Bild: Sing deine Medodie des Lebens - die Deutsche Kammerphilharmonie holt die …
Eine Gruppe von jugendlichen Schülern sitzt in dem weitläufigen Flur des
Schulgebäudes, einige reden. Es sieht so aus wie in vielen Schulen, doch
keiner simst und chattet, niemand starrt abwesend auf sein Smartphone. Wir
schreiben 2015 – wie kann das sein? Auf der Jungs-Toilette finden sich
keine Graffitis – wie kann das sein? Beim 40-jährigen Schuljubiläum spielen
Musiker der Deutschen Kammerphilharmonie – auf einem Zwischenstopp zwischen
den Salzburger Festspielen, dem japanischen Yokohama und New York. Niemand
fand das ungewöhnlich. Wie kann das sein?
Die „Gesamtschule Ost“ (GSO), das zeigt schon ihr Name, in Bremen ist ein
Kind der sozialdemokratischen Bildungspolitik der 1970er-Jahre. Heute
werden Schulen auch in Bremen nach „Alexander-von-Humboldt“ oder
„Albert-Einstein“ benannt, damals war man sachlich schlicht: „Gesamtschul…
war das Programm und „Ost“ der Brennpunkt-Stadtteil im Bremer Osten mit
Hochhäusern und einem Migrantenanteil von beinahe 40 Prozent. Menschen aus
88 Nationen leben hier und für über 60 Prozent der Kinder gehört Hartz IV
zur täglichen Realität.
Die GSO wurde bald zum Schmuddelkind sozialdemokratischer Schulpolitik –
gut gemeint und schlecht gemacht. Sozialdemokraten, die anfangs große
Hoffnungen in dieses Schulmodell gesetzt hatten und auch aus anderen
gutbürgerlichen Stadtteilen ihre Kinder hierher schickten, meldeten sie ab.
Nach dem ersten Pisa-Schock für Bremen erklärte der damals in Bremen
regierende Bürgermeister Henning Scherf, selbst zeitweise Bildungssenator,
die Ergebnisse seien auch eine Quittung für die Fehler sozialdemokratischer
Schulpolitik.
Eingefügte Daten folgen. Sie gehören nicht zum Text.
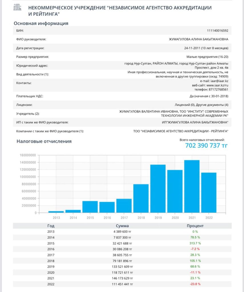 ۋنيۆەرسيتەتتەردىڭ ءبىلىم ساپاسىن باعالايتىن اگەنتتىك 2013-2022 جىلدار ارالىعىندا مەملەكەت قازىناسىنا 702 ميلليون تەڭگە كولەمىندە سالىق تولەگەن. 2013 جىلى بيۋدجەتكە 4 ميلليون تەڭگەدەن استام سالىق قۇيسا، 8 جىلدان كەيىن بۇل كورسەتكىش 25 ەسە ارتىپ، 2022 جىلى بيۋدجەتكە 111 ميلليون تەڭگەدەن استام سالىق تولەگەن. 20% كولەمىندە سالىق سالىنسا، دەمەك اككرەديتتەۋ اگەنتتىگىنىڭ 2013-2022 جج. تازا تابىسى - 3 ميلليارد 510 ميلليون تەڭگەنى قۇرايدى.

Es gab Diskussionen, die Schule zu schließen. „Auf dem
Tiefpunkt wurden nicht einmal die Kinder hier aus dem Stadtteil in diese
Schule geschickt“, erinnert sich Franz Jentschke. Er hat den Tiefpunkt
miterlebt, seit 1975 ist er als Lehrer dabei.
Und er hat den Weg nach oben geprägt: Seit 1990 ist Jentschke Schulleiter.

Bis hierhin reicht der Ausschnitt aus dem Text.